Om de productie-CT-scans toe te wijzen aan de kalibratiescan, raadpleegt u sectie 3 van het protocol, waarin de volgende wijzigingen zijn opgenomen. Voor de duidelijkheid gaat de beschrijving verder aan de hand van het voorbeeld van een CT-onderlaag en MPI-overlay: In stap 3.1 laadt u de CT-kalibratiescan (afbeelding A) als onderlaag en de te corrigeren CT-scan als de overlay. Gebruik structuren van het MPI-muizenbed als markeringen voor stap 3.2 of als visuele referenties voor stap 3.3. Sla stap 3.4 over, maar de overlay opslaan vertegenwoordigt het gecorrigeerde CT-volume (Menubestand > Overlay > Overlay opslaan als). Voer in het volgende dialoogvenster een nieuwe naam in en klik op opslaan. Sluit de overlay door naar Menu File > Overlay > Closing overlay te gaan. Laad de volgende CT-scan die moet worden gecorrigeerd als overlay en hervat de procedure vanaf stap 3.2 van het protocol. Het concept dat aan deze stap ten grondslag ligt, wordt geïllustreerd in figuur 5B.

Het muizenbed is nu vrijwel identiek uitgelijnd met de kalibratiescan in alle recent opgeslagen CT-volumes. Als onderdeel van de standaardprocedure wordt de kalibratiescan geregistreerd op de MPI-beelden met behulp van de differentiële transformatie T (Figuur 5C). Om het CT-beeld vervolgens samen te voegen met MPI, gebruikt u altijd het gecorrigeerde CT-volume (Figuur 5D).

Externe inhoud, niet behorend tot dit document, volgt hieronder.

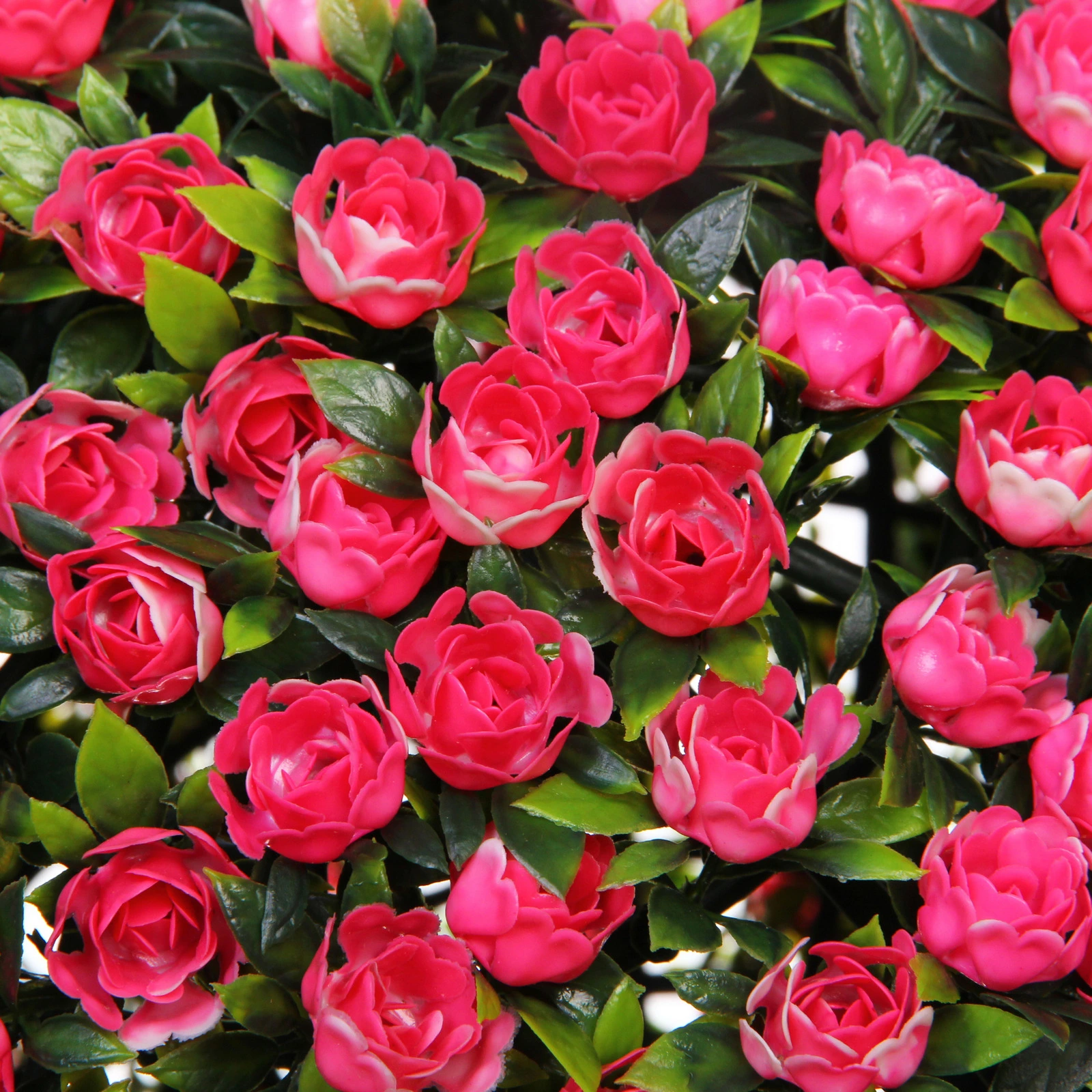 - Эффектный внешний вид: Густое покрытие из розовых цветов фуксии и зелёных листьев создаёт впечатление живого, ухоженного растения.
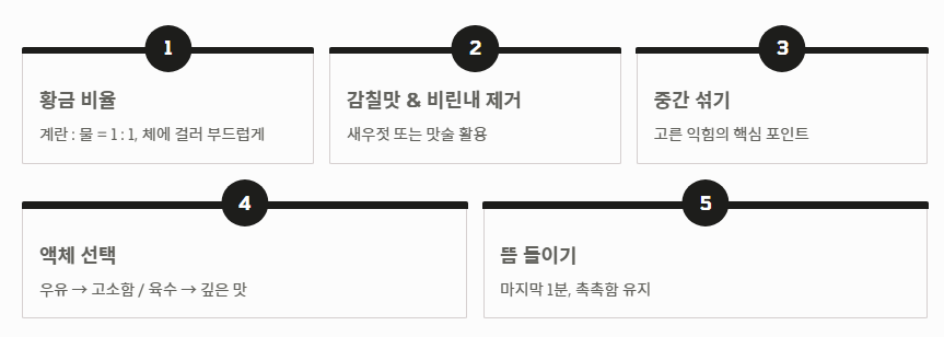 - 채소 활용: 당근, 쪽파를 잘게 다져 넣으면 시각적으로도 훌륭하고 영양가도 높아집니다.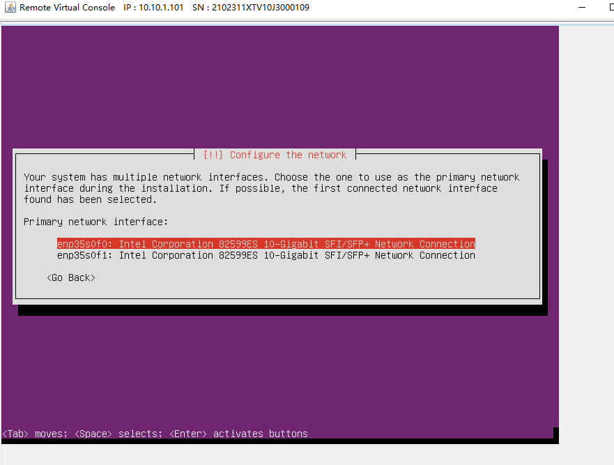 加载完成之后,显示网络配置,继续默认选项。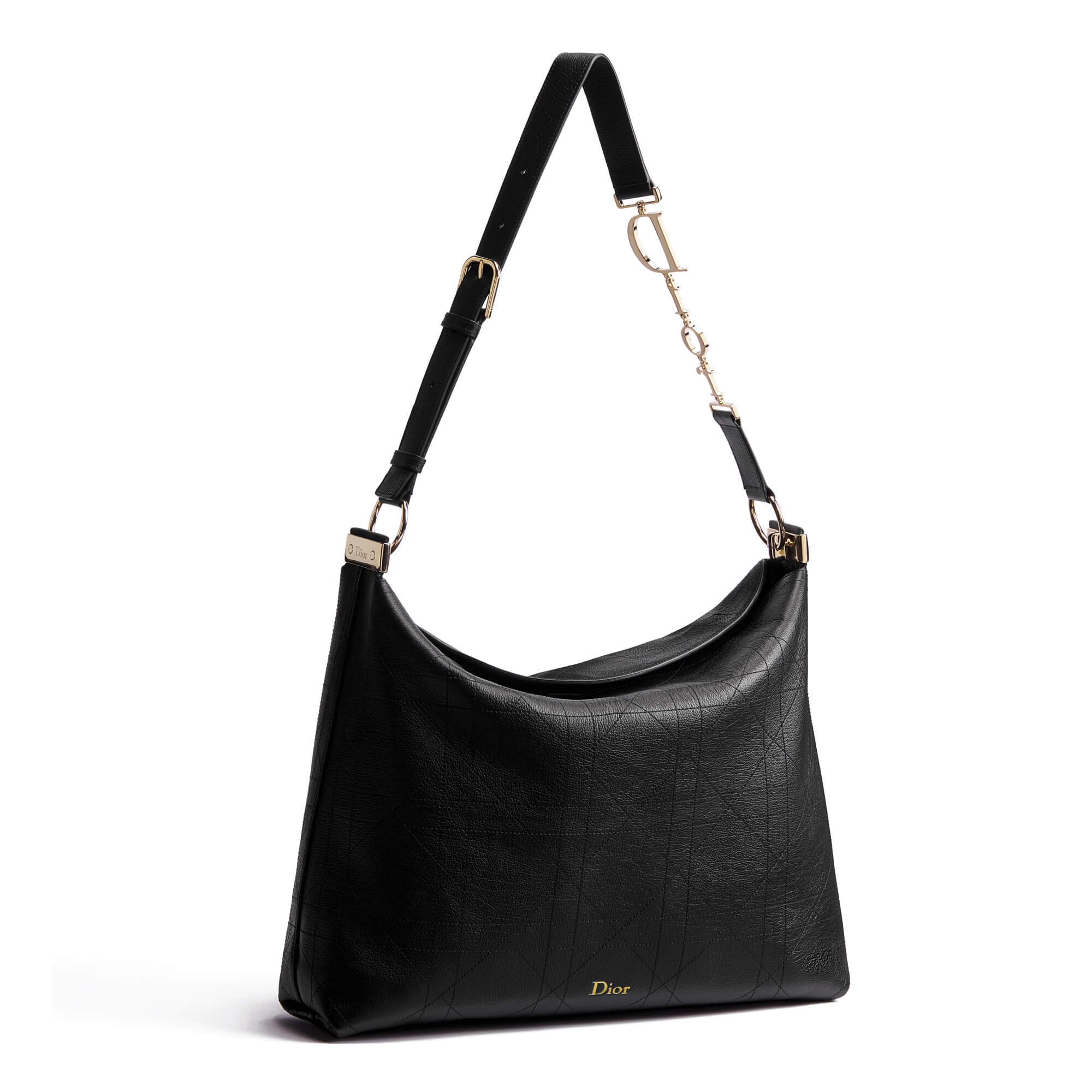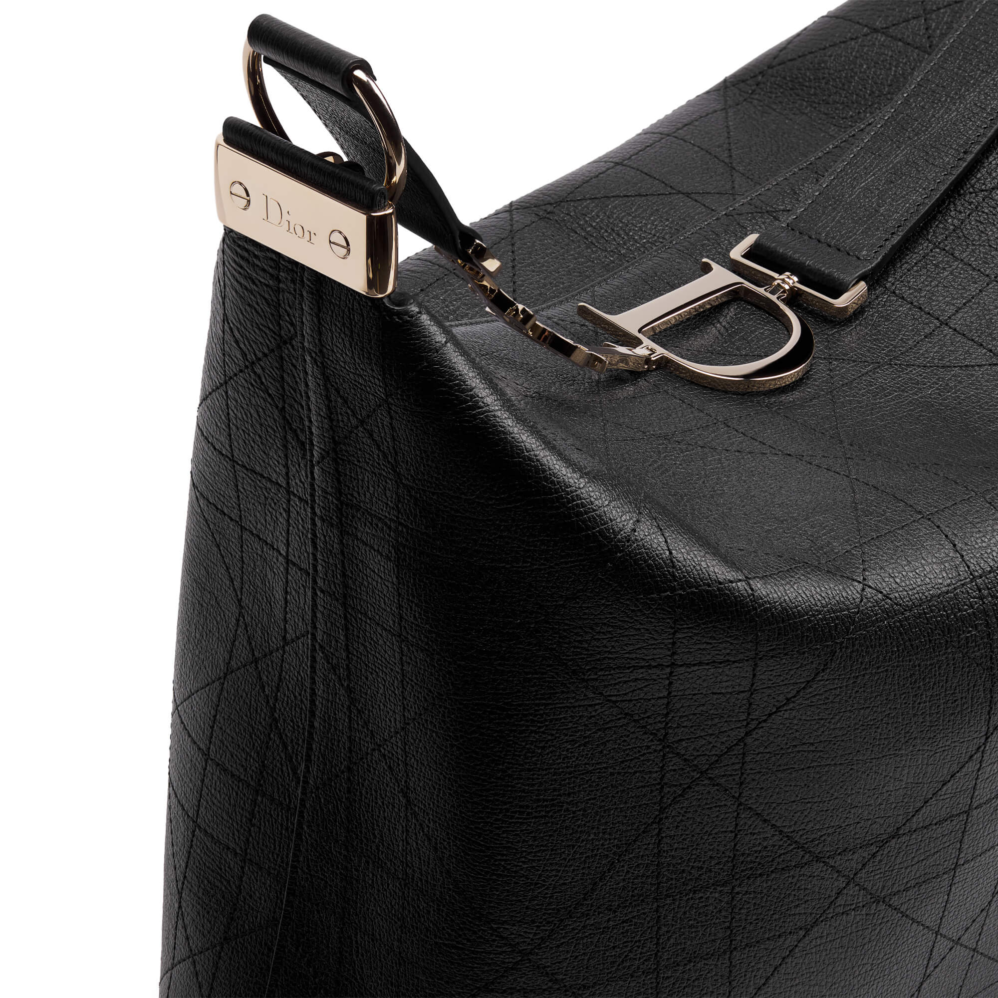 תיק גדול מעור calfskin בצבע שחור עם דוגמת Flat Cannage

Problemen met gespiegelde afbeeldingen en schalen oplossen
De hier geïntroduceerde registratiemethode gaat uit van een redelijk nauwkeurige beeldkwaliteit en past alleen rotatie en vertaling aan. Het corrigeert niet voor gespiegelde afbeeldingen of onjuiste schaling. Deze twee problemen kunnen echter handmatig worden aangepakt voordat de differentiële transformatie wordt berekend.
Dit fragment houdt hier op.